И правда, до Аделиано-Кампо мы добрались без приключений. А там, после купания и легкого флирта на пляже, все наши недомогания как рукой сняло.


Поздно вечером, сидя в кресле перед телевизором и ничуть не интересуясь происходящим на экране, я пробую проанализировать сложившуюся ситуацию. Мы познакомились – что тут такого? Мы вместе проводим время – с кем не бывает? И пусть он моложе меня, но лет тридцать-то ему есть наверняка, к тому же, независимо от возраста, наши отношения пока еще не вышли за рамки приличий.
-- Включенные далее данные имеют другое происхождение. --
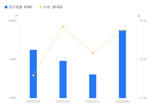 近一年(2024年6月30日至2025年6月30日),大庆华科A股股东户数从9081户,增加至9760户,增幅7.48%,区间股价上涨46.69%。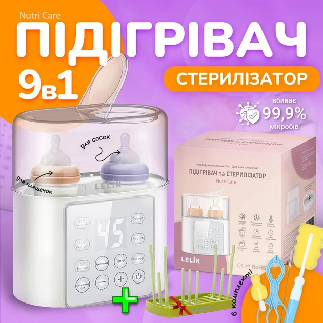 Багатофункціональний підігрівач та стерилізатор LELIK™ Nutri Care 9in1 для дитячих пляшечок KH-0588, білий + Подарунок сушар

Правда, я думаю о нем. А он, хочется верить, думает обо мне. Но это ничего не значит, вы же понимаете. Я думаю о нем – только и всего. И хотя исходящий от этого парня магнетический флюид по-прежнему представляет угрозу для моего спокойствия, совместными усилиями нам все же удается держать ситуацию под контролем.

5

Прошло чуть больше недели. Мы виделись ежедневно. По утрам, едва продрав глаза, первым делом хватались за трубку телефона, будто соревнуясь, кто кому раньше позвонит. Когда я слышала его голос – низкий, глуховатый, – меня пробирало от макушки до хвоста. И за все это время ни слова о сексе. Словно ни ему, ни мне даже в голову не приходило превратить нашу дружбу в любовную связь.

Беглые ласки, скользящие прикосновения, долгие пристальные взгляды, полные беспричинной скорби… Он вел себя как рецидивист, испытывающий внутреннюю потребность помедлить перед очередным преступлением. Как человек, одержимый желанием, но по какой-то причине считающий своим долгом бороться с ним. Я же просто не могла заставить себя сделать первый шаг, учитывая разницу в возрасте. Быть может, это смешно, но мне казалось недостойным соблазнять мальчишку.

Вопреки обыкновению, я охотно рассказывала о себе, и Нейл внимательно слушал. Должно быть, это и побуждало меня к откровенности. Не часто удается заполучить собеседника, умеющего не только говорить, но и слушать. Большинство людей, как правило, слушает только себя. Этот же обладал уникальной способностью не только слушать не перебивая, но и запоминать услышанное, в чем я впоследствии убедилась.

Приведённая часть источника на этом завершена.